→ WHAT NEEDS TO BE DONE
Reproduce exactly, from the data that follows, the line with "De diepe wasbak", the line with "LG GR-L247DPSL Side-by-Side", and every line that lies between them.

── EXTRACTED ENTRIES ──

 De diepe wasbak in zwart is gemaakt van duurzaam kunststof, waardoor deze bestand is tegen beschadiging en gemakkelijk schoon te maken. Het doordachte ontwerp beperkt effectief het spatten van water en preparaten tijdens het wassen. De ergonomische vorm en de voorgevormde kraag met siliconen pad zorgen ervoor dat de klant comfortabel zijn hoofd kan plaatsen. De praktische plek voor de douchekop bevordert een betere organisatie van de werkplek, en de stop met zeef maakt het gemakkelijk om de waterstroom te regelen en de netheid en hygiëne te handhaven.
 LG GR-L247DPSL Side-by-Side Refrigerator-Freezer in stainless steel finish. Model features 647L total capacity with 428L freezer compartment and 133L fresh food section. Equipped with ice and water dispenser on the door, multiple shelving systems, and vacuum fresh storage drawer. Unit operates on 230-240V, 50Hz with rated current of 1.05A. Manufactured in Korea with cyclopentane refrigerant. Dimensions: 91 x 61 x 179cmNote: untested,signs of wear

───
── EXTRACTED ENTRIES ──

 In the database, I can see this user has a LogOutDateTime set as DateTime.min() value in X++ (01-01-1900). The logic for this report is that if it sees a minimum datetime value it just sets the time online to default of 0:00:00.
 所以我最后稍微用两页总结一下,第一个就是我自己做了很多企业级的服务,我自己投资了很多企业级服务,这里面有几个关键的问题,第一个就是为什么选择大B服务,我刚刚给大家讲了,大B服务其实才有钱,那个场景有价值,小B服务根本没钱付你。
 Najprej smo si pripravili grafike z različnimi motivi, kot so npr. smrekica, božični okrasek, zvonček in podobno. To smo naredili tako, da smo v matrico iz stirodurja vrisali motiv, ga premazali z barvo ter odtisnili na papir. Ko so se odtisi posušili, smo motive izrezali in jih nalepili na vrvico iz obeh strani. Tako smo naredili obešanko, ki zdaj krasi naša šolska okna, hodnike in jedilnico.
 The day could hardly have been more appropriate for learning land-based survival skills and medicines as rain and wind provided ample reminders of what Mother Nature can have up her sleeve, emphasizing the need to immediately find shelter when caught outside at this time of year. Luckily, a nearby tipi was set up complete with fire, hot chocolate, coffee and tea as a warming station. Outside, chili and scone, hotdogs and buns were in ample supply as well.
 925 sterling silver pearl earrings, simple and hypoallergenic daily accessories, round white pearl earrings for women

───

→ SOLUTION TO THIS EXERCISE
 De diepe wasbak in zwart is gemaakt van duurzaam kunststof, waardoor deze bestand is tegen beschadiging en gemakkelijk schoon te maken. Het doordachte ontwerp beperkt effectief het spatten van water en preparaten tijdens het wassen. De ergonomische vorm en de voorgevormde kraag met siliconen pad zorgen ervoor dat de klant comfortabel zijn hoofd kan plaatsen. De praktische plek voor de douchekop bevordert een betere organisatie van de werkplek, en de stop met zeef maakt het gemakkelijk om de waterstroom te regelen en de netheid en hygiëne te handhaven.
 LG GR-L247DPSL Side-by-Side Refrigerator-Freezer in stainless steel finish. Model features 647L total capacity with 428L freezer compartment and 133L fresh food section. Equipped with ice and water dispenser on the door, multiple shelving systems, and vacuum fresh storage drawer. Unit operates on 230-240V, 50Hz with rated current of 1.05A. Manufactured in Korea with cyclopentane refrigerant. Dimensions: 91 x 61 x 179cmNote: untested,signs of wear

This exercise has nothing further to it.